**ABOUT THIS TASK**. For the data below, retype word for word the lines from the one containing "Köpeklerinizin kas-kemik gelişiminde" through the one containing "With your shape"; drop the pictures.

**TASK INPUTS**.

┌────────

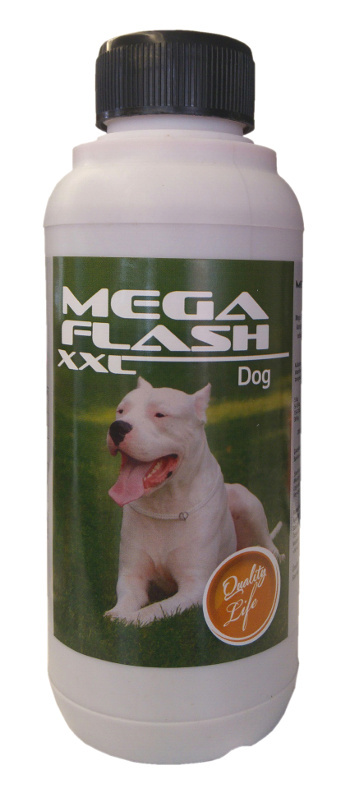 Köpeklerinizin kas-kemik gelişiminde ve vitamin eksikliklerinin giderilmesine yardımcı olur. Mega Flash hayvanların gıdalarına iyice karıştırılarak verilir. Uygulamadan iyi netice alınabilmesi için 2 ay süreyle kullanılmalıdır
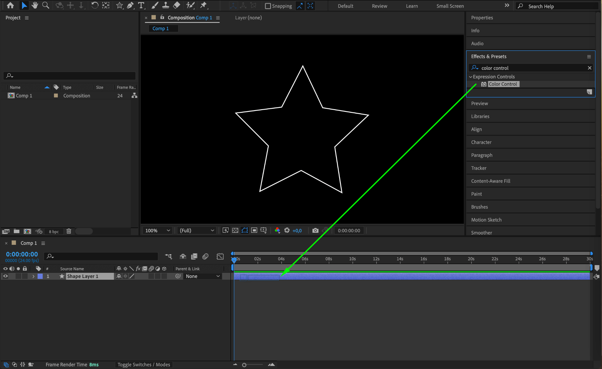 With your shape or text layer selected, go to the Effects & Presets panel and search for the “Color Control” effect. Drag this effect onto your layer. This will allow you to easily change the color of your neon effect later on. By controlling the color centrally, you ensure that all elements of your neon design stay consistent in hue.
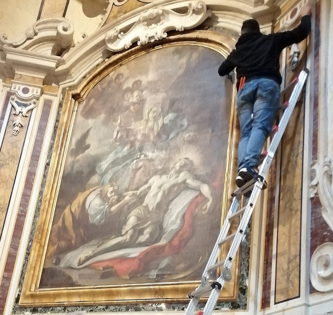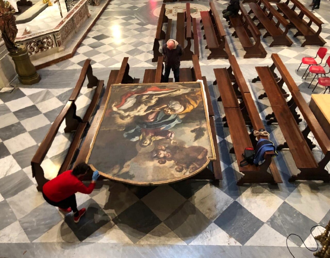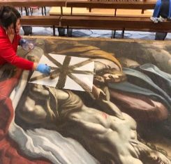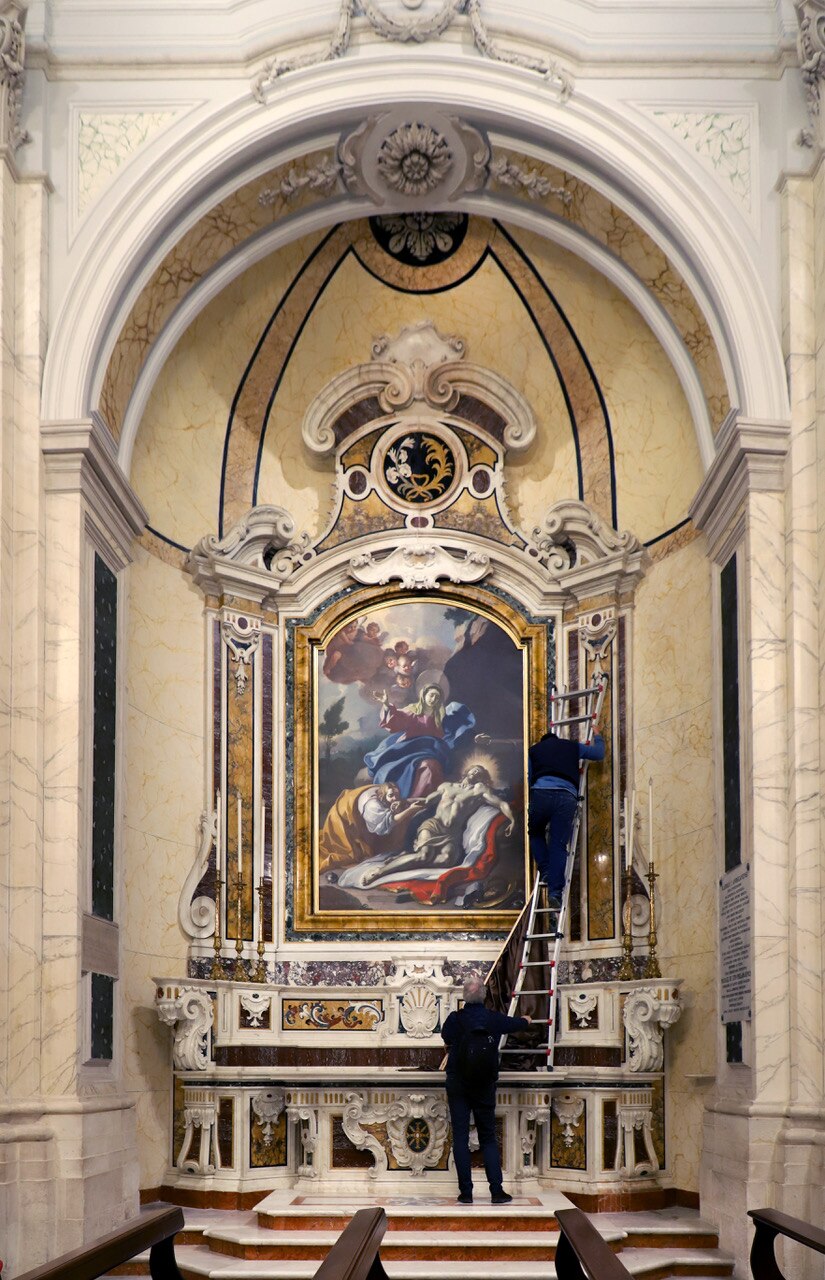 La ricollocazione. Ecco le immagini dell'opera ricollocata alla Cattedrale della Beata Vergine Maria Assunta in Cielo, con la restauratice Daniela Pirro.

└────────
┌────────

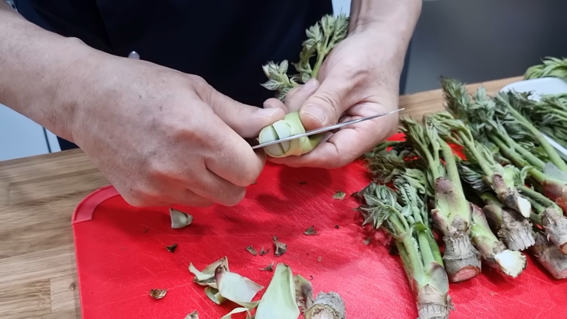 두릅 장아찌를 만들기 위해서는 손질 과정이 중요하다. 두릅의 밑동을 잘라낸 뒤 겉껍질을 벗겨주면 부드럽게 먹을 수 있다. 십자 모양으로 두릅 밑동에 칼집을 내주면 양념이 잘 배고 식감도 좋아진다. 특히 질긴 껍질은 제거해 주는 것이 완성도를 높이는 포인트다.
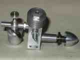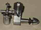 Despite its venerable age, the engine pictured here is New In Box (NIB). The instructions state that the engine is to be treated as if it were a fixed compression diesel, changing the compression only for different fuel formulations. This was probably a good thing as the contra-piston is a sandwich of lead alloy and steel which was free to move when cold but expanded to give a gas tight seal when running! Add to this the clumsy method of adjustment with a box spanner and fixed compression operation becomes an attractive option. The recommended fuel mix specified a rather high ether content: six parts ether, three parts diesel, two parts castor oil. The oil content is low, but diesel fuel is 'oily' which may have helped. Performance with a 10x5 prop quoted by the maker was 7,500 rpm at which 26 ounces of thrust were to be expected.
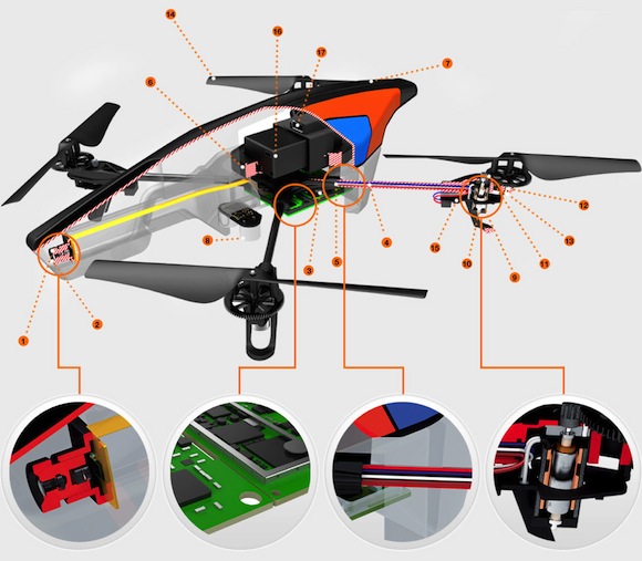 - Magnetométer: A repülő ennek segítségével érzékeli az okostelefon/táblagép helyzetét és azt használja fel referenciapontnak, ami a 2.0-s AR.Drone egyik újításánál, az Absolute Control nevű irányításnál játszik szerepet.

└────────

**REPLY TO THE TASK**.
 Köpeklerinizin kas-kemik gelişiminde ve vitamin eksikliklerinin giderilmesine yardımcı olur. Mega Flash hayvanların gıdalarına iyice karıştırılarak verilir. Uygulamadan iyi netice alınabilmesi için 2 ay süreyle kullanılmalıdır
 With your shape or text layer selected, go to the Effects & Presets panel and search for the “Color Control” effect. Drag this effect onto your layer. This will allow you to easily change the color of your neon effect later on. By controlling the color centrally, you ensure that all elements of your neon design stay consistent in hue.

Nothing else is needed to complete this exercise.